▸ Task statement: Give back exactly the stretch of data below from the line holding "Summary: AUD/USD trades" through the line holding "Konzerválószermentes: | Tartósítószerekkel |", both ends included, and leave the remaining lines out.

▸ Extracted material:
———
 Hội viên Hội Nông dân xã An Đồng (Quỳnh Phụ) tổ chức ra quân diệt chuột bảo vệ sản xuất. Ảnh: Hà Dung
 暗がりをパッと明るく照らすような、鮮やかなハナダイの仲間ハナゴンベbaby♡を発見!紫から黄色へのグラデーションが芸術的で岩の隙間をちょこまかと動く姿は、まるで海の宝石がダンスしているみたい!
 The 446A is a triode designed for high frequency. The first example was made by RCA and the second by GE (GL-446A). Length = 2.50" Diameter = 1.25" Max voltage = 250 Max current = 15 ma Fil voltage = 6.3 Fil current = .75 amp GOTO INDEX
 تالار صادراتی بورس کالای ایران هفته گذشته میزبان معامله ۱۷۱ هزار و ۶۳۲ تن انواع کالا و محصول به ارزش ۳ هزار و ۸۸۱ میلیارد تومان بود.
———
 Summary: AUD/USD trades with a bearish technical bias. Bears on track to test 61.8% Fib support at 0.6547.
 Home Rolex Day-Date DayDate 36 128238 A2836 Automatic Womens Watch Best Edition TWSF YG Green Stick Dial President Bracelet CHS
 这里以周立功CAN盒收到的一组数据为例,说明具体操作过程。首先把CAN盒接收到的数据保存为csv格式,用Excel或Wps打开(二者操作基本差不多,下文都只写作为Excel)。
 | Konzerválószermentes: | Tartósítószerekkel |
———
▸ Answer for the task:
 Summary: AUD/USD trades with a bearish technical bias. Bears on track to test 61.8% Fib support at 0.6547.
 Home Rolex Day-Date DayDate 36 128238 A2836 Automatic Womens Watch Best Edition TWSF YG Green Stick Dial President Bracelet CHS
 这里以周立功CAN盒收到的一组数据为例,说明具体操作过程。首先把CAN盒接收到的数据保存为csv格式,用Excel或Wps打开(二者操作基本差不多,下文都只写作为Excel)。
 | Konzerválószermentes: | Tartósítószerekkel |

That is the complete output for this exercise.